The sides and the smaller base of the trapezoid have the same length – 50 cm each.

The sides and the smaller base of the trapezoid have the same length – 50 cm each. Find the size of its larger base, at which the area of the trapezoid would be the largest.

Let’s build the height BH of the trapezoid ABCD.

Let the angle BAD = α0, and the side AB = BC = CD = a cm.

In a right-angled triangle ABN, BH = AB * Sinα = a * Sinα.

AH = AB * Cosα = a * Cosα.

Then AD = 2 * Cosα + a.

The area of ​​the trapezoid will be equal to: Savsd = (BC + AD) * BH / 2 = (a + 2 * Cosα + a) * a * Sinα / 2 =

2 * a * (1 + Cosα) * Sinα / 2 = a2 * (1 + Cosα) * Sinα = a2 * (Sinα + Sinα * Cosα) = a2 * (Sinα + Sin (2 * α) / 2).

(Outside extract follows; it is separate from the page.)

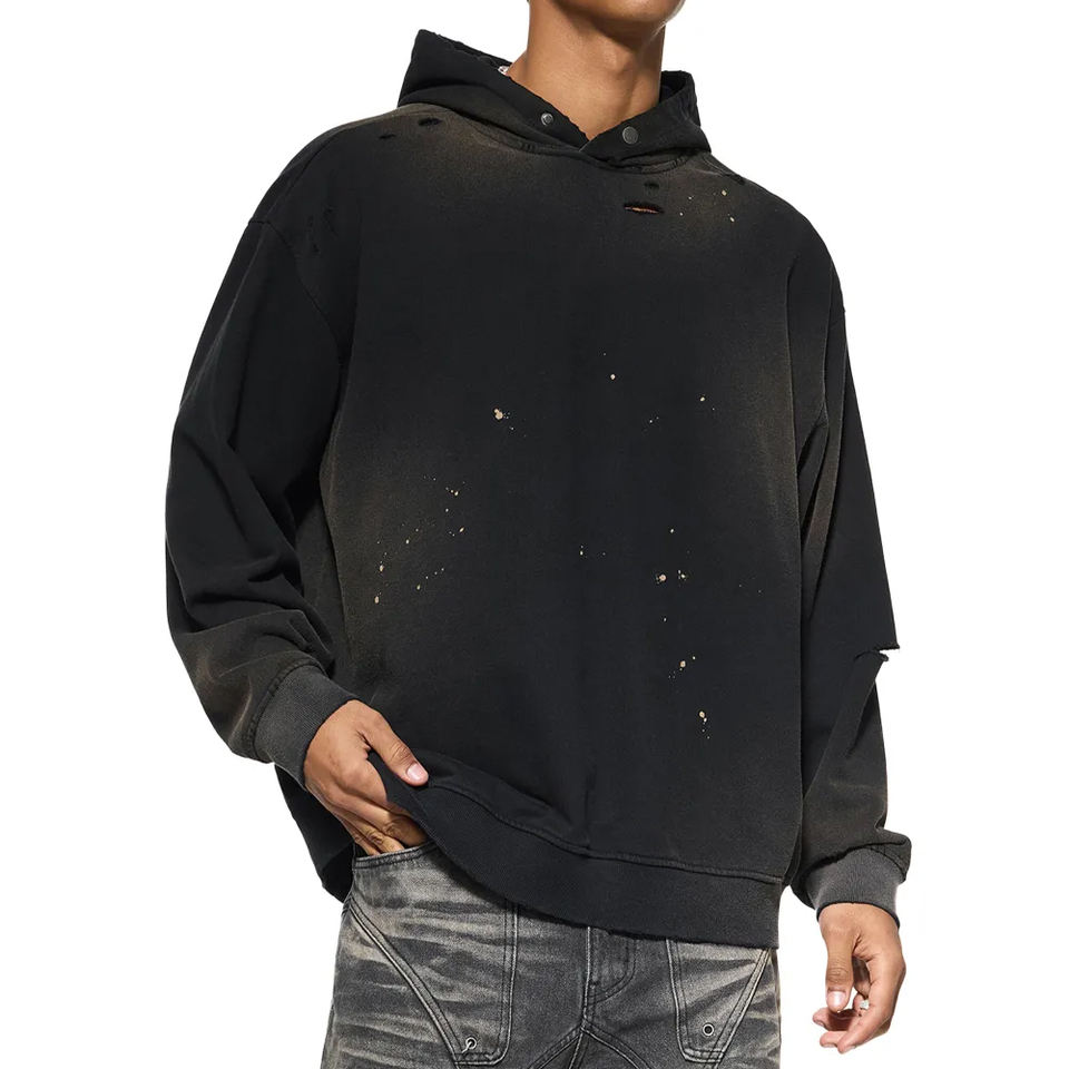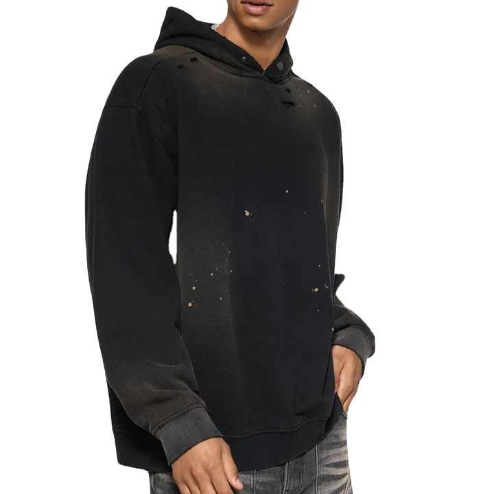 Sweat à capuche surdimensionné en molleton français avec boutons-pression métalliques vieillis style vintage, personnalisable, OEM, haute qualité, délavé à l'acide pour homme

Take the derivative with respect to the angle α and equate it to zero.

Cosα + Cos (2 * α) = 0.

Cosα + 2 * Cos2α – 1 = 0.

We introduce a new variable, let Cosα = X.

Then 2 * X2 + X – 1 = 0.

Let’s solve the quadratic equation.

X1 = -1. (Not suitable, since the angle α is acute).

X2 = 1/2.

Cosα = 1/2.

Angle α = arcos (1/2) = 600.

Then AH = 50 * 1/2 = 25 cm.

AD = 25 + 50 + 25 = 100 cm.

Answer: With AD equal to 100 cm, the area of ​​the trapezoid is the largest.